▶ **RECORDS TO USE**
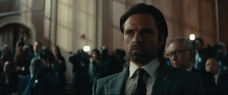 - l’apparition de Bucky : potentiellement LE seul secret bien gardé du film, Sebastian Stan nous offre un caméo inattendu dans le film pour venir soutenir son poto à l’écran comme à la ville. Si l’amitié entre les acteurs n’est plus à prouver, c’était un peu tristoune de voir Sam et Bucky séparés le temps d’un film. Heureusement, Marvel Studios sont les rois du fan service et le plus sexy des soldats de l’Hiver (le seul en vie, en fait) est au rendez-vous, nous lâchant même un mignontissime “I love you, buddy” (ce qui semble plutôt étonnant vu le perso, mais bon), tandis que Sam lui souhaite bonne chance en l’appelant “congressman” (équivalent de sénateur en français) – sous-entendant une carrière politique pour Bucky ? C’est peut-être pour ça qu’on le voit en costard dans un tribunal dans la bande-annonce de Thunderbolts* Affaire à suivre… Et peut-être qu’Anthony Mackie fera aussi une apparition dans le film de son pote. Pow pow, pow pow pow !
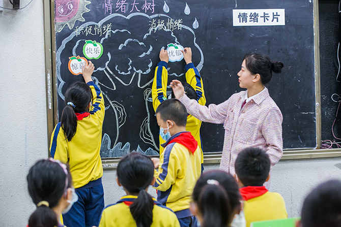 此次的湖北行正是为了实地了解健康护航项目的具体落地实施情况。当天,调研组在咸宁市实验小学现场观摩了项目心理辅导课程。在课堂上,汇聚着中国心理学会、中国科学院心理研究所等国内权威儿童心理专家的专业知识和危机干预经验的《我的战“疫”心灵成长记》系列丛书已经下发到同学和老师的手中。老师结合丛书中的专业知识,与学生们进行了丰富的心理健康互动教学,帮助学生们形成积极正向的心理认知。同时,中国心理学会秘书长刘正奎先生也为心理教学提供现场指导,特别讲授了在疫情防控常态化期间,中小学心理健康问题应对办法,有效地将疫情危机转化为学生心灵成长的有利契机。
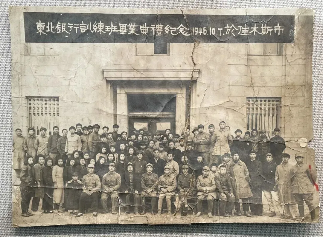 照片上方的题字“東北銀行訓練班畢業典禮紀念1946.10.7.於佳木斯市”,是最直接的历史证据,它不但明确了照片的身份和价值,更引导我们去探究东北红色金融的发展历史。
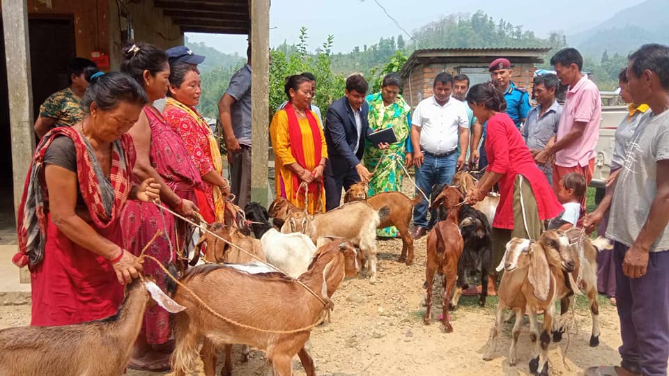 मरिण गाउँपालिका गाउँपालिका वडा नं. २ का वडा अध्यक्ष कमल बहादुर आले मगर ,गाउँपालिकाका उपाध्यक्ष श्री विमला माझी प्रशासकीय अधिकृत ओम बहादुर दर्जीले किसानहरुलाई उन्नत जातको बाख्राको पाठी वितरण गर्नुभएको थियो।
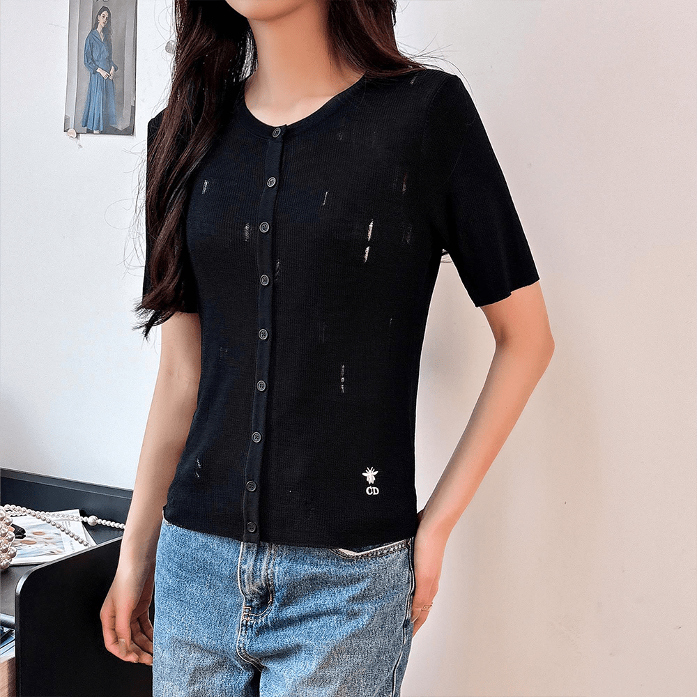 디올 24SS 꿀벌 자수 로고 데미지 가디건 반팔 블랙

▶ **WORK ITEM**
Could you copy the listing exactly, leaving out any pictures?

▶ **REPLY**
 - l’apparition de Bucky : potentiellement LE seul secret bien gardé du film, Sebastian Stan nous offre un caméo inattendu dans le film pour venir soutenir son poto à l’écran comme à la ville. Si l’amitié entre les acteurs n’est plus à prouver, c’était un peu tristoune de voir Sam et Bucky séparés le temps d’un film. Heureusement, Marvel Studios sont les rois du fan service et le plus sexy des soldats de l’Hiver (le seul en vie, en fait) est au rendez-vous, nous lâchant même un mignontissime “I love you, buddy” (ce qui semble plutôt étonnant vu le perso, mais bon), tandis que Sam lui souhaite bonne chance en l’appelant “congressman” (équivalent de sénateur en français) – sous-entendant une carrière politique pour Bucky ? C’est peut-être pour ça qu’on le voit en costard dans un tribunal dans la bande-annonce de Thunderbolts* Affaire à suivre… Et peut-être qu’Anthony Mackie fera aussi une apparition dans le film de son pote. Pow pow, pow pow pow !
 此次的湖北行正是为了实地了解健康护航项目的具体落地实施情况。当天,调研组在咸宁市实验小学现场观摩了项目心理辅导课程。在课堂上,汇聚着中国心理学会、中国科学院心理研究所等国内权威儿童心理专家的专业知识和危机干预经验的《我的战“疫”心灵成长记》系列丛书已经下发到同学和老师的手中。老师结合丛书中的专业知识,与学生们进行了丰富的心理健康互动教学,帮助学生们形成积极正向的心理认知。同时,中国心理学会秘书长刘正奎先生也为心理教学提供现场指导,特别讲授了在疫情防控常态化期间,中小学心理健康问题应对办法,有效地将疫情危机转化为学生心灵成长的有利契机。
 照片上方的题字“東北銀行訓練班畢業典禮紀念1946.10.7.於佳木斯市”,是最直接的历史证据,它不但明确了照片的身份和价值,更引导我们去探究东北红色金融的发展历史。
 मरिण गाउँपालिका गाउँपालिका वडा नं. २ का वडा अध्यक्ष कमल बहादुर आले मगर ,गाउँपालिकाका उपाध्यक्ष श्री विमला माझी प्रशासकीय अधिकृत ओम बहादुर दर्जीले किसानहरुलाई उन्नत जातको बाख्राको पाठी वितरण गर्नुभएको थियो।
 디올 24SS 꿀벌 자수 로고 데미지 가디건 반팔 블랙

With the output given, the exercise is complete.